Overview
- Native name: Malatya-Çetinkaya demiryolu
- Status: Operating
- Owner: Turkish State Railways
- Locale: Eastern Anatolia
- Termini: Malatya, Turkey; Çetinkaya, Turkey;

Service
- Type: Heavy rail
- System: Turkish State Railways
- Operator(s): TCDD Taşımacılık Körfez Ulaştırma

History
- Opened: 16 August 1937

Technical
- Line length: 140 km (87 mi)
- Number of tracks: Single track
- Track gauge: 1,435 mm (4 ft 8+1⁄2 in) standard gauge
- Loading gauge: 22.5t
- Electrification: 25 kV, 50 Hz
- Operating speed: 120 km/h (75 mph)
- Signalling: CTC

= Malatya–Çetinkaya railway =

Railway in Turkey

The Malatya–Çetinkaya railway (Malatya-Çetinkaya demiryolu) is a 140km junction railway in Turkey, connecting the Adana Malatya Diyarbakir railway and the Ankara Sivas Erzurum Kars railway. This North South line allows for a shorter route from Ankara to Malatya and Diyarbakir. It allows also for shorter access from the north of the country to the Mediterranean ports of Iskenderun and Mersin.

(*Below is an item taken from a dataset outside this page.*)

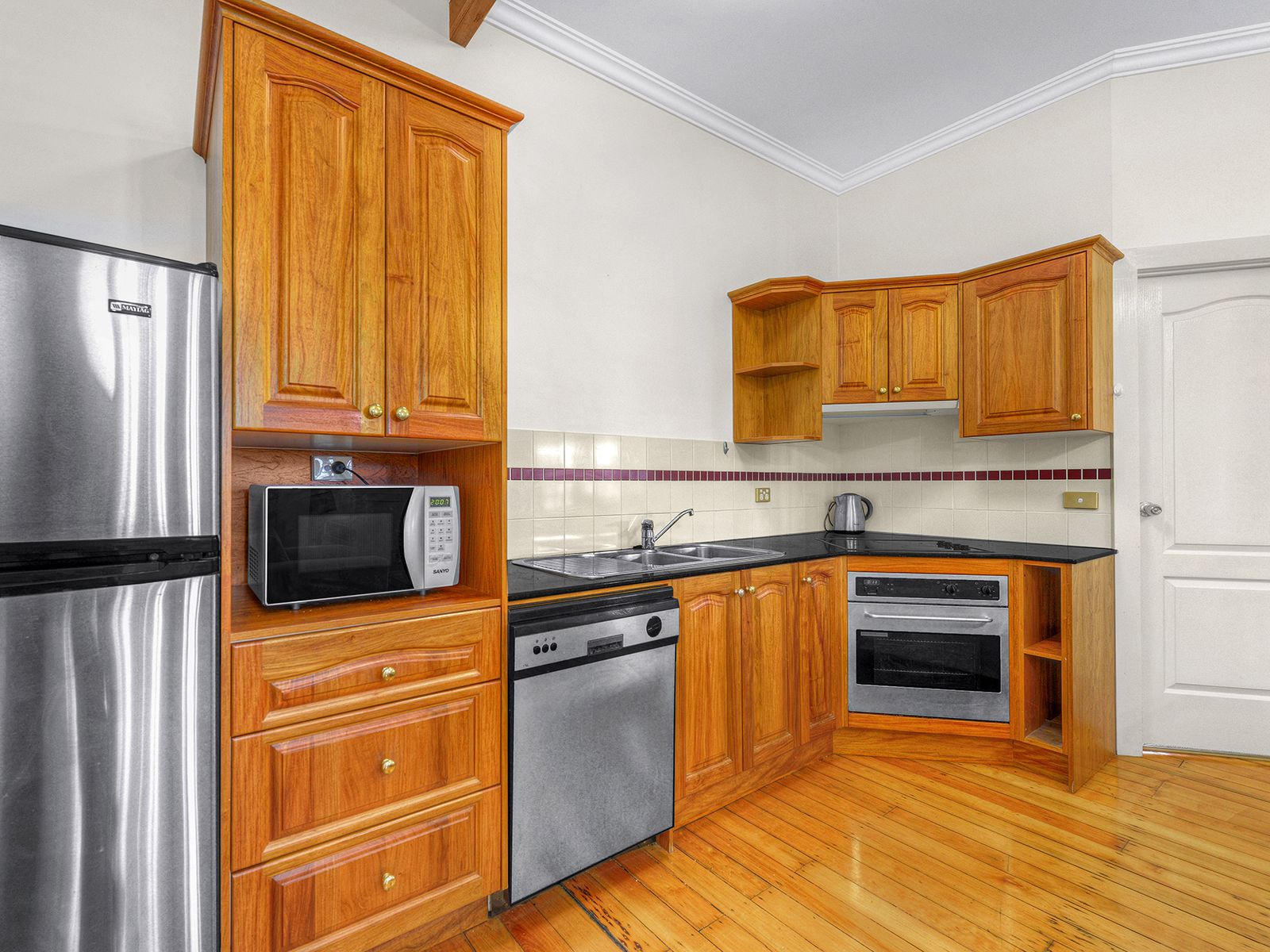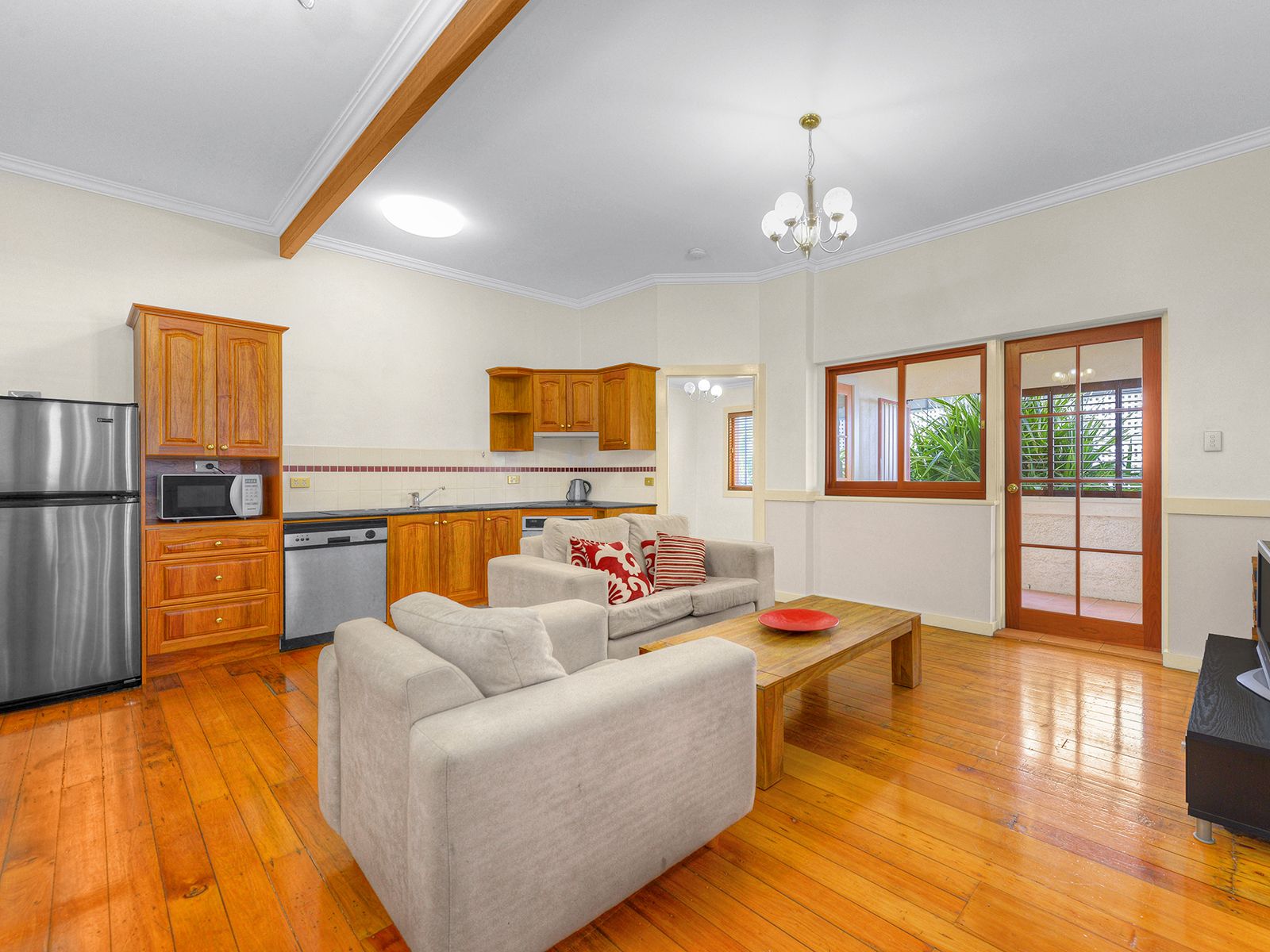 Entering via the enclosed balcony you will arrive in the open plan living, dining and kitchen space. Polished timber floor boards and timber kitchen cabinetry add so much character and charm to this pristine apartment.

This line was built by the Turkish states railways in 1936 and electrified in 1994. It crosses rugged terrain in the Eastern Anatolia region, sparsely populated and with no industry.

==Infrastructure and Route==
Starting from Malatya, the railway goes north through a plateau at an average altitude of 800m. From Yazıhan, the line follows closely the Kuruçay river which is a tributary of the Euphrates. Between Yazıhan and Hekimhan, the valley is very narrow, almost like a gorge, and with many meanders. 10 tunnels, for a cumulative length of 2.5 km and several bridges over the river had to be built on this section. After Hekimhan, the valley is wider, and the line will exit the Kuruçay valley after Ulugüney. Near Akgedik, the line enters a pass to reach the valley of Kangal river, another tributary of the Euphrates. This river flows north until it reaches Çetinkaya where it will turn east. The line will follow this river from Demiriz to Çetinkaya.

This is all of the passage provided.